Supplied material
--- START ---

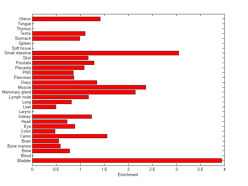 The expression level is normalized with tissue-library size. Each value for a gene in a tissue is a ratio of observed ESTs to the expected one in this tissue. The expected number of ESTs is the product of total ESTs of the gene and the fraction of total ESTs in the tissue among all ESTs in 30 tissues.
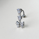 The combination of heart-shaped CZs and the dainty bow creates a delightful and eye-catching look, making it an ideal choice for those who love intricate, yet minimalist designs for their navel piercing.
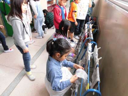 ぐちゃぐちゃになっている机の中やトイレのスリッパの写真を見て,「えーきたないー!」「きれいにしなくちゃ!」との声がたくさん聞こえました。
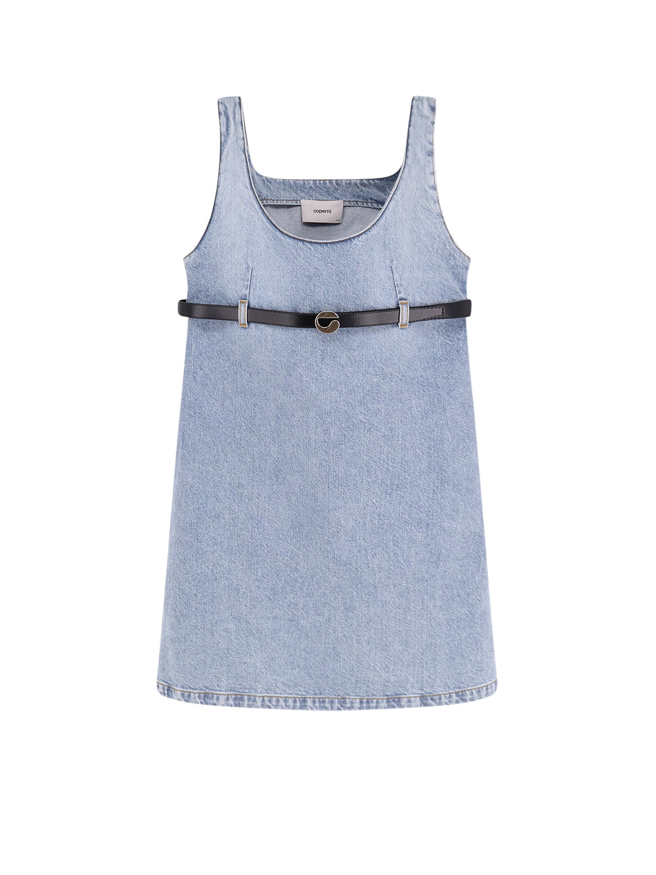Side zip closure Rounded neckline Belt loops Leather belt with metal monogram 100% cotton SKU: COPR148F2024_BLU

--- END ---

Assignment
Write out every line of the listing exactly as written, and leave the pictures out.

Exercise answer
 The expression level is normalized with tissue-library size. Each value for a gene in a tissue is a ratio of observed ESTs to the expected one in this tissue. The expected number of ESTs is the product of total ESTs of the gene and the fraction of total ESTs in the tissue among all ESTs in 30 tissues.
 The combination of heart-shaped CZs and the dainty bow creates a delightful and eye-catching look, making it an ideal choice for those who love intricate, yet minimalist designs for their navel piercing.
 ぐちゃぐちゃになっている机の中やトイレのスリッパの写真を見て,「えーきたないー!」「きれいにしなくちゃ!」との声がたくさん聞こえました。
Side zip closure Rounded neckline Belt loops Leather belt with metal monogram 100% cotton SKU: COPR148F2024_BLU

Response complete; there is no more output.